What you have to do —
Please repeat, exactly as written, every line from the one containing "كما زار فخامة" through the last line of the records, both included, and leave out any pictures.

Records supplied —
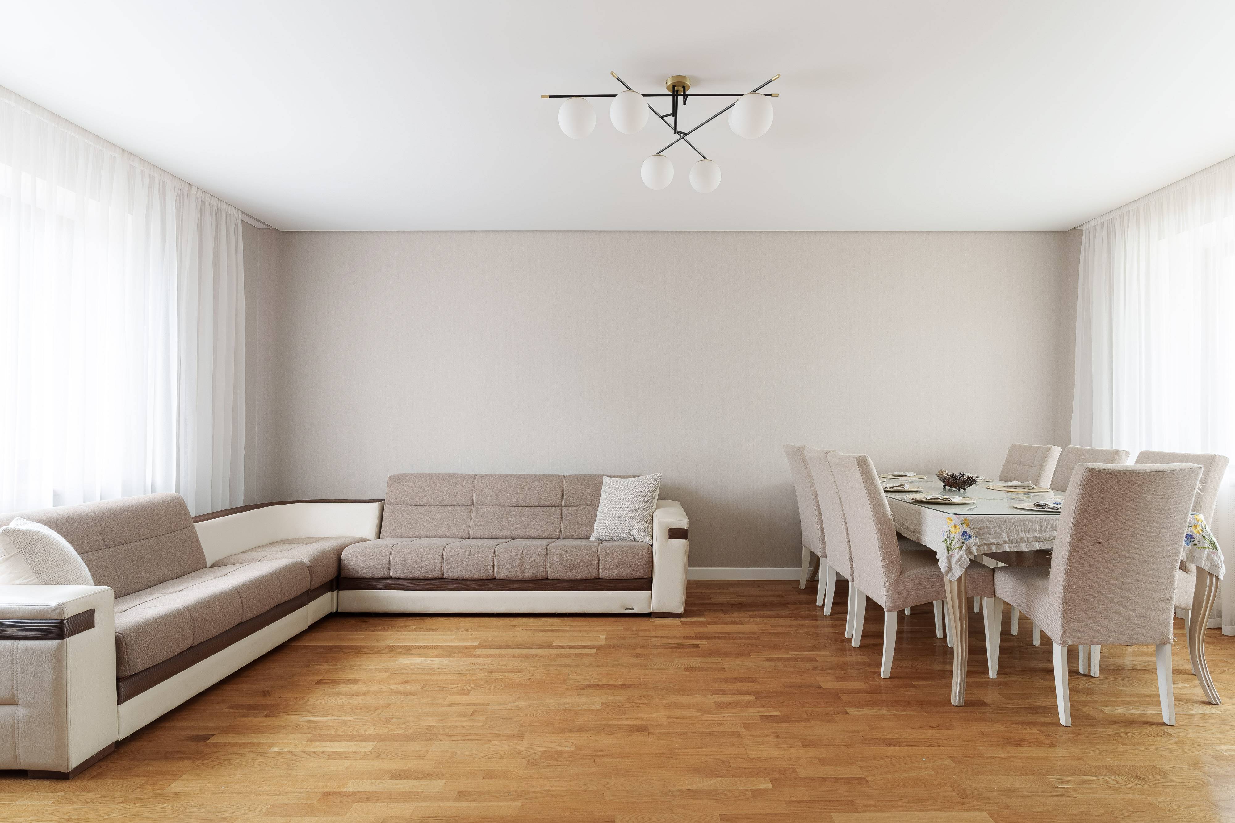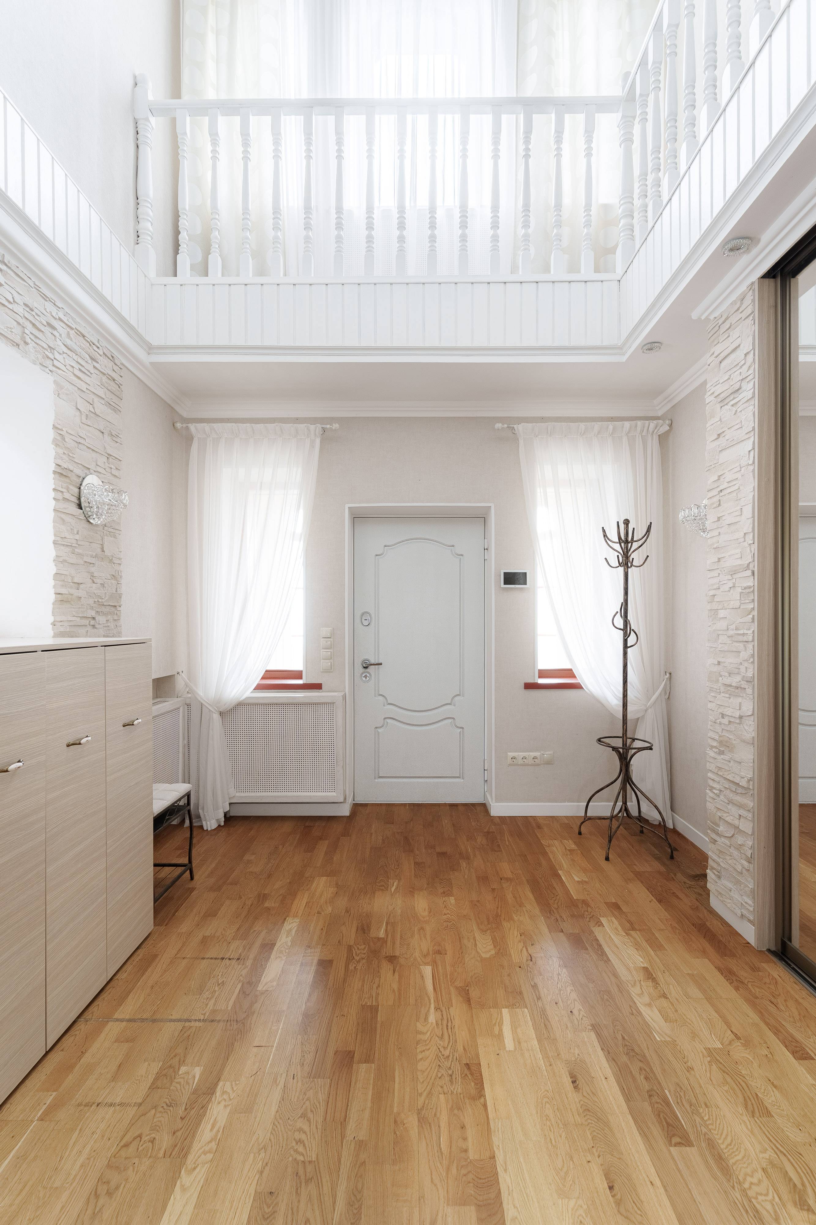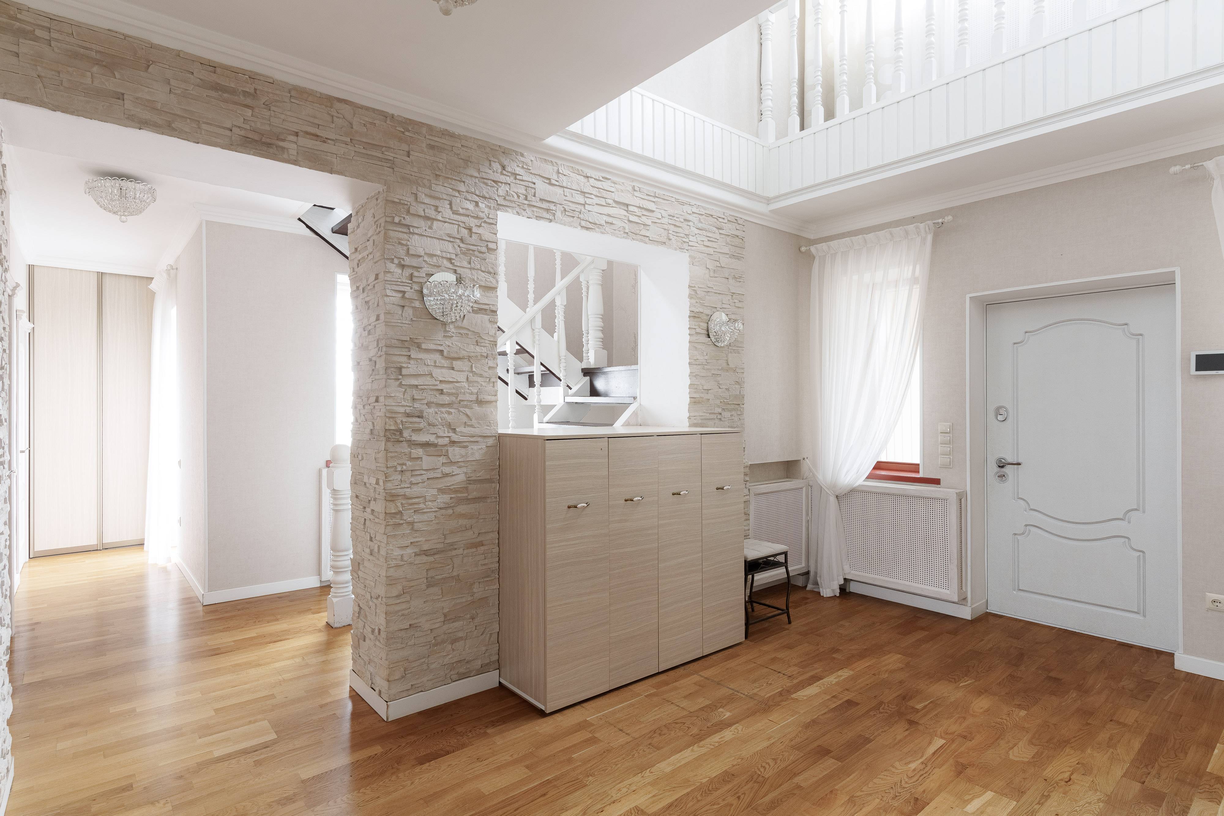 Максимальное количество спальных мест - 12 (4 двуспальных кровати в 4 спальнях, раскладывающийся диван в гостиной и раскладывающийся диван в спальне на первом этаже).
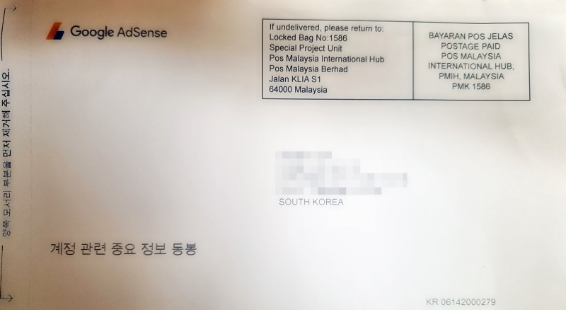 애드센스는 청구서 주소를 확인하기 위해서 실제 우편으로 PIN 번호를 발송한다. (특별한 일이 없으면, 3주 내외로 편지가 한장 온다.) 실제 배송된 우편은 아래와 같이 생겼다.
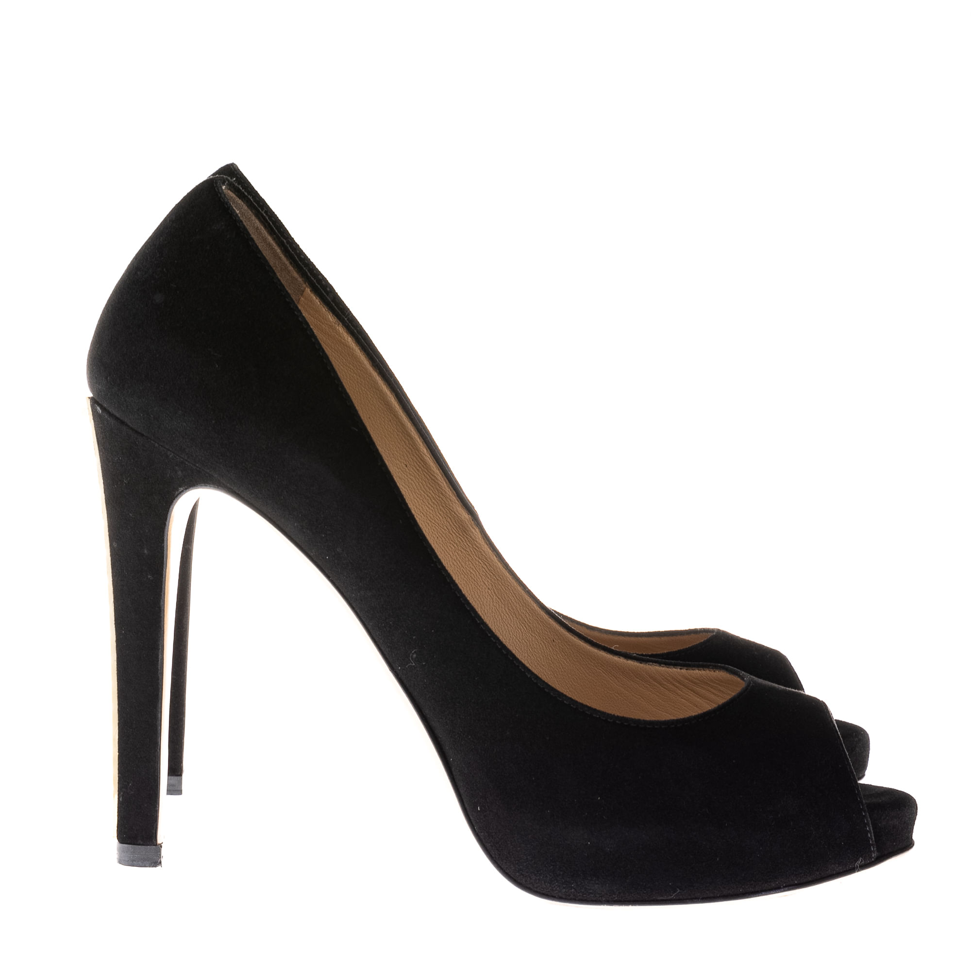 Peep Toe Chanel Couro Preto
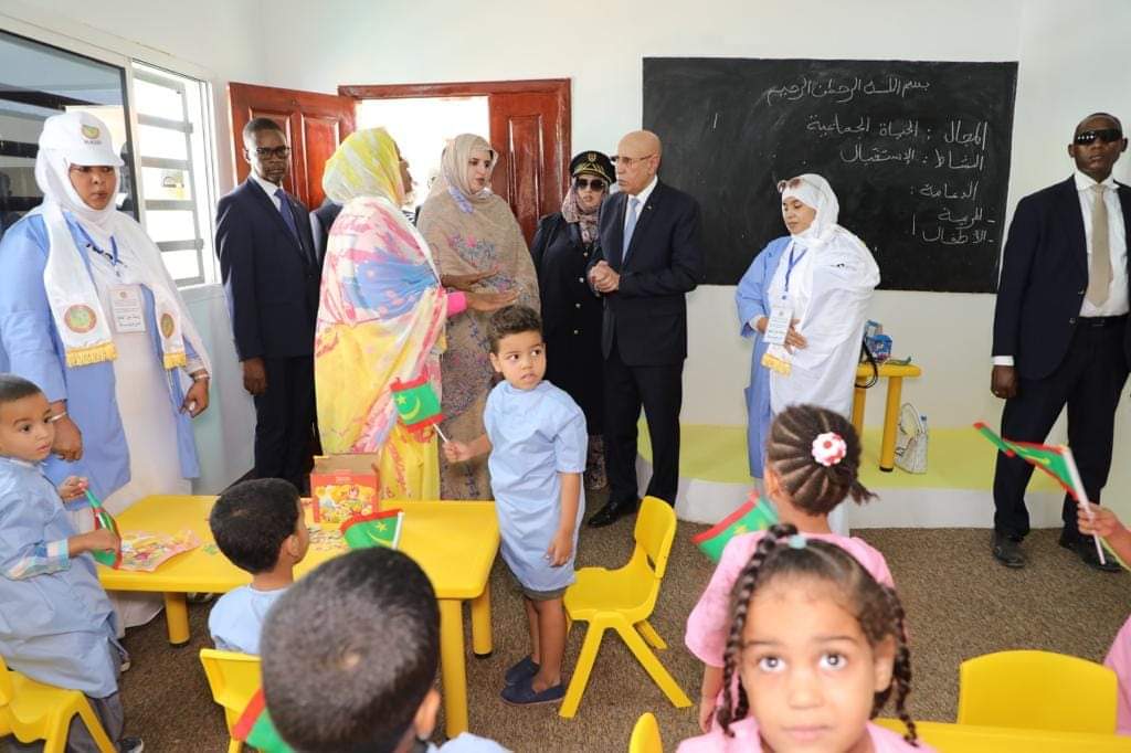 كما زار فخامة رئيس الجمهورية، الروضة النموذجية في عين الطلح، حيث استقبل من طرف معالي الوزيرة السيدة صفية انتهاه، واستمع إلى نشيد ترحيبي من أطفال الروضة، وتجول في مختلف أقسامها، وتابع فخامته شروحا من طرف المديرة الجهوية لانواكشوط الشمالية سابقا ، السيدة صفية هاشم، حول آليات التربية والتدريس في كافة أقسام الروضة.
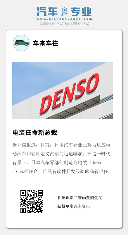 据外媒报道,目前,日本汽车行业正努力适应电动汽车和软件定义汽车的迅速崛起。在这一时代背景下,日本汽车零部件制造商电装(Denso)选择任命一位具有软件开发经验的高管担任公司新总裁。

Response to this task —
 كما زار فخامة رئيس الجمهورية، الروضة النموذجية في عين الطلح، حيث استقبل من طرف معالي الوزيرة السيدة صفية انتهاه، واستمع إلى نشيد ترحيبي من أطفال الروضة، وتجول في مختلف أقسامها، وتابع فخامته شروحا من طرف المديرة الجهوية لانواكشوط الشمالية سابقا ، السيدة صفية هاشم، حول آليات التربية والتدريس في كافة أقسام الروضة.
 据外媒报道,目前,日本汽车行业正努力适应电动汽车和软件定义汽车的迅速崛起。在这一时代背景下,日本汽车零部件制造商电装(Denso)选择任命一位具有软件开发经验的高管担任公司新总裁。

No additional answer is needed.